▸ Problem to solve
Every entry must reappear in your answer exactly as written, though its pictures must not.
<<<<
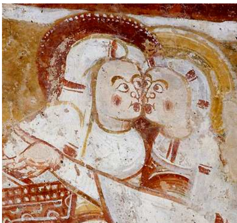
Église romane de Nohant-Vic, Élisabeth et Marie détail de La Visitation , fresque, XII e s.
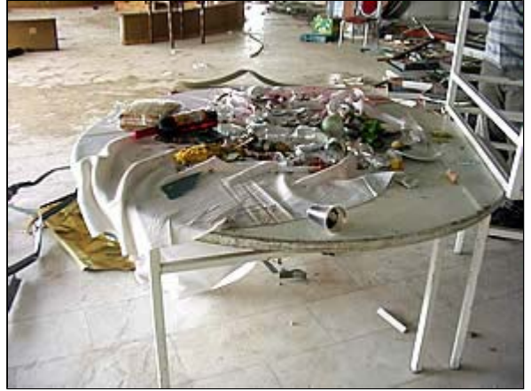
תוצאות "הצלחת הפיגוע": חורבן והרס שנותרו בחדר האוכל של מלון "פארק" לאחר פינוי ההרוגים והפצועים
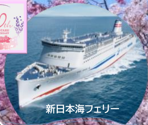
新日本海フェリー
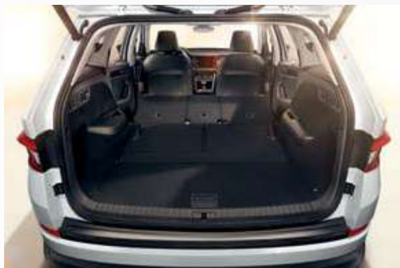
תא מטען מחוץ
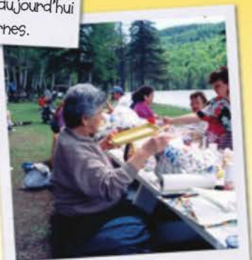
Un pique-nique micmac en Gaspésie.
>>>>
▸ Result of the exercise
Église romane de Nohant-Vic, Élisabeth et Marie détail de La Visitation , fresque, XII e s.
תוצאות "הצלחת הפיגוע": חורבן והרס שנותרו בחדר האוכל של מלון "פארק" לאחר פינוי ההרוגים והפצועים
新日本海フェリー
תא מטען מחוץ
Un pique-nique micmac en Gaspésie.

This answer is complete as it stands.